One of the most important aspects of financial planning to taking care of your retirement – building a sufficient corpus to meet your expenses and help you tide the ups and downs during the twilight years.
In order to help the general public be able to build a sizeable retirement corpus, the government introduced the National Pension System (NPS). Under this system, a defined contribution is invested in a mix of assets and the return from those assets help generate income for the post retirement corpus. The returns from the NPS are market-linked and dedicated fund managers undertake the task of managing this retirement money.
But how does NPS work?
Under NPS, an investor can opt for either of two accounts – A Tier 1 or a Tier- II account. The first one is where the retirement funds are non-withdrawable and permanent while the other is a voluntary withdrawable account.
A Tier II account can only be opened if you have an active Tier- I account.

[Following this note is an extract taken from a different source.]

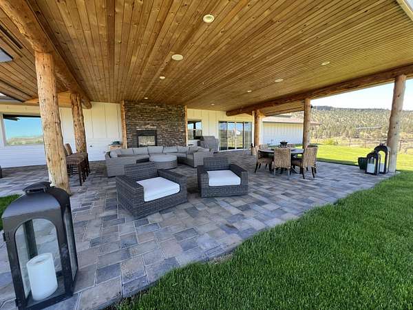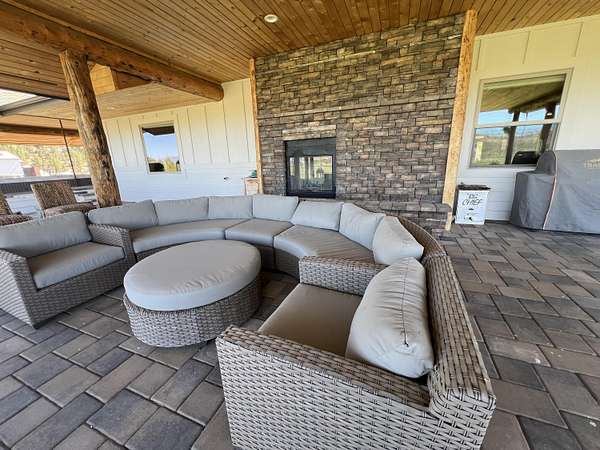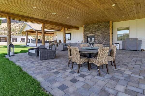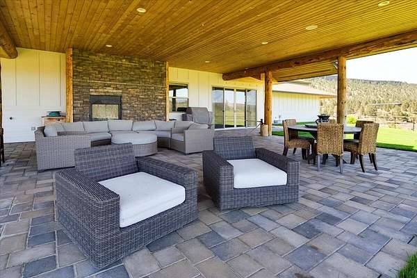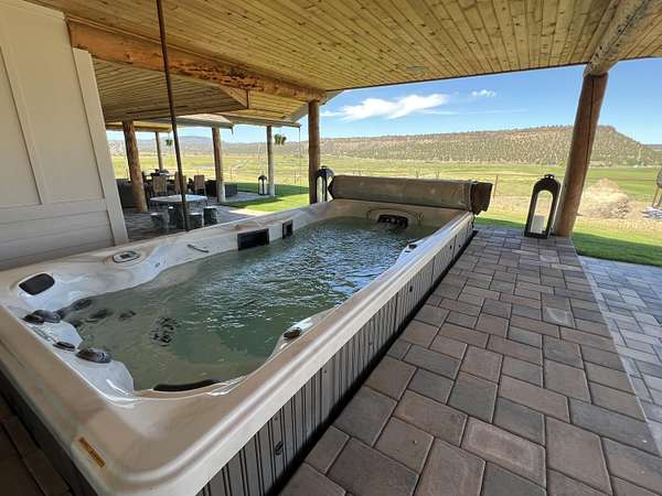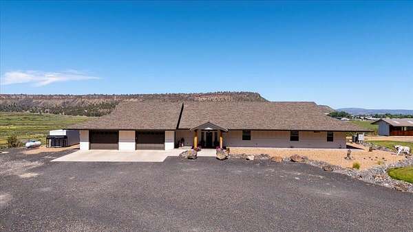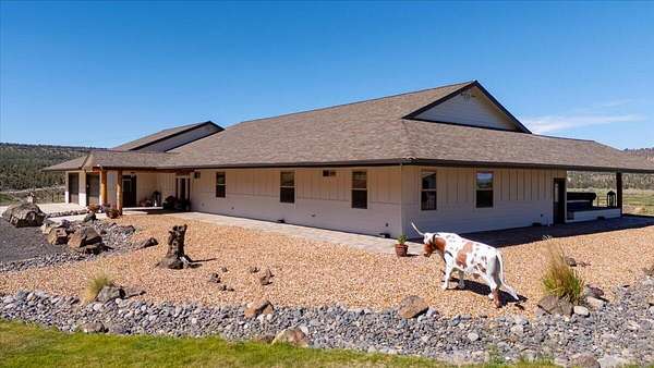This exceptional custom ranch blends modern elegance with rural charm, just minutes from Prineville. Enjoy breathtaking views of the Crooked River Valley from the beautifully designed single-level home, featuring hardwood floors, granite countertops, a copper farmhouse sink, and a chef's kitchen with a spacious island, stainless steel appliances, and the butlers pantry provides ample storage. The great room and expansive covered back patio with a fireplace, swim spa, and lush landscaping create an entertainer's dream. The private primary suite boasts a spa-like bath, a huge walk-in closet, and peaceful views. A generous den offers flexibility as an office or extra bedroom. Equestrian enthusiasts will love the six-stall barn with large runs, tack room, roping arena, and cattle turnouts. A 3-bay shop provides abundant storage and workspace, and guest quarter. Whether you're seeking a working ranch or a private retreat, this property offers the perfect blend of comfort and functionality.

The minimum contribution for a Tier I account is Rs 500 for all transactions and Rs 6000 for a year. For the Tier II account, the minimum contribution for opening an account is Rs 1000 and Rs 250 is charged for subsequent transactions.
Choice of investing
An investor in NPS also has the choice of investing via either Auto or Active investing. Under the auto choice, the funds are invested based on a predetermined formula as per the age of the investor. The allocation is made in 3 asset classes: Equities, Corporate Bonds and Government Securities.
Under Active investment the investor can choose the allocation of retirement funds into the three asset classes. There is a limit of a maximum of 50% allocation in Equities. For the government sector, the cap on equity is increased to 15%.

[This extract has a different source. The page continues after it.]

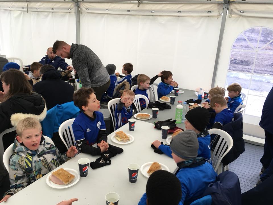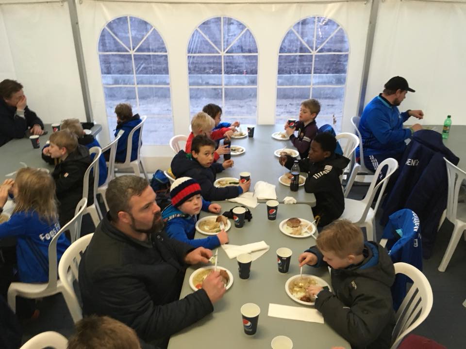 Efter formiddagens første 6 kampe var det tid til frokost, som blev indtaget i et stort telt, der var sat op til lejligheden. Drengene fik serveret sandwich, ligesom nogle valgte at bruge deres medbragte penge på hotdogs og sodavand. Næsby boldklub har et fantastisk anlæg, der indbyder til leg både med og uden bold. Det blev flittigt brugt mellem kampene og drengene legede rigtig godt sammen på kryds og tværs og alle var en del af fællesskabet.

Post retirement, an investor can exit from the NPS but 40% of the pension lump sum has to be utilised for purchasing an annuity. Upon withdrawal before the age of 60, 80% of the pension lump sum needs to be utilised to purchase an annuity.
These conditions apply only to the Tier-I account.
Taxation and expenses
Contributions made to the NPS account and the returns earned on investments of the retirement corpus are not taxed. However, a pension lump sum withdrawn on exit from the NPS is taxed, excluding the amount used to buy annuity.

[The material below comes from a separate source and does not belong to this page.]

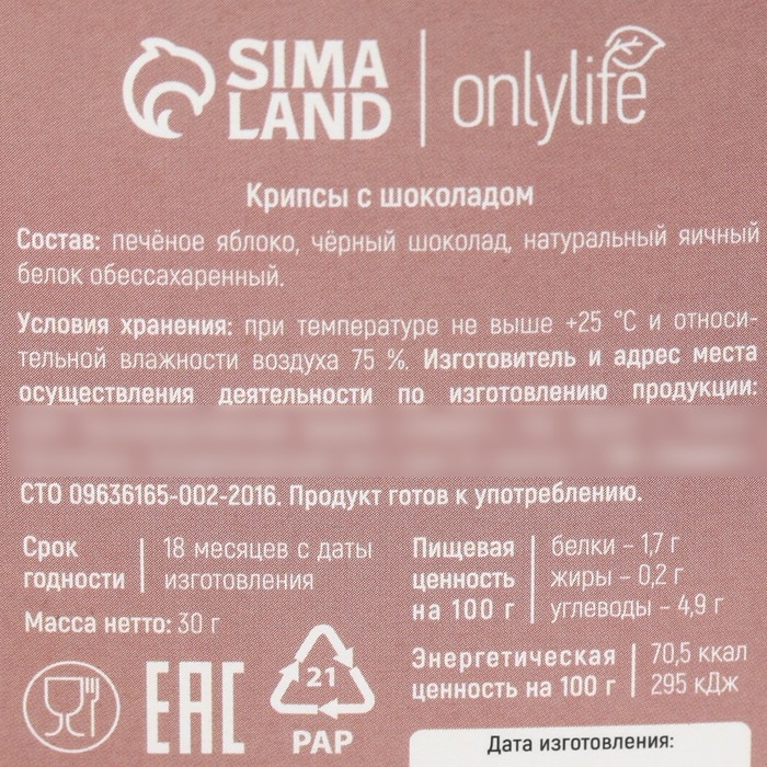 Состав: печёное яблоко, чёрный шоколад, натуральный яичный белок обессахаренный.

The fund management charges on the NPS is also very low – just 0.01 per cent. This helps in the pension fund growth without eating into the returns.
Thus, NPA offers several benefits for long term retirement planning, offering income tax benefits apart from diversification of investments into asset classes. Those who do not wish to actively manage their portfolio until retirement age tend to find NPS attractive.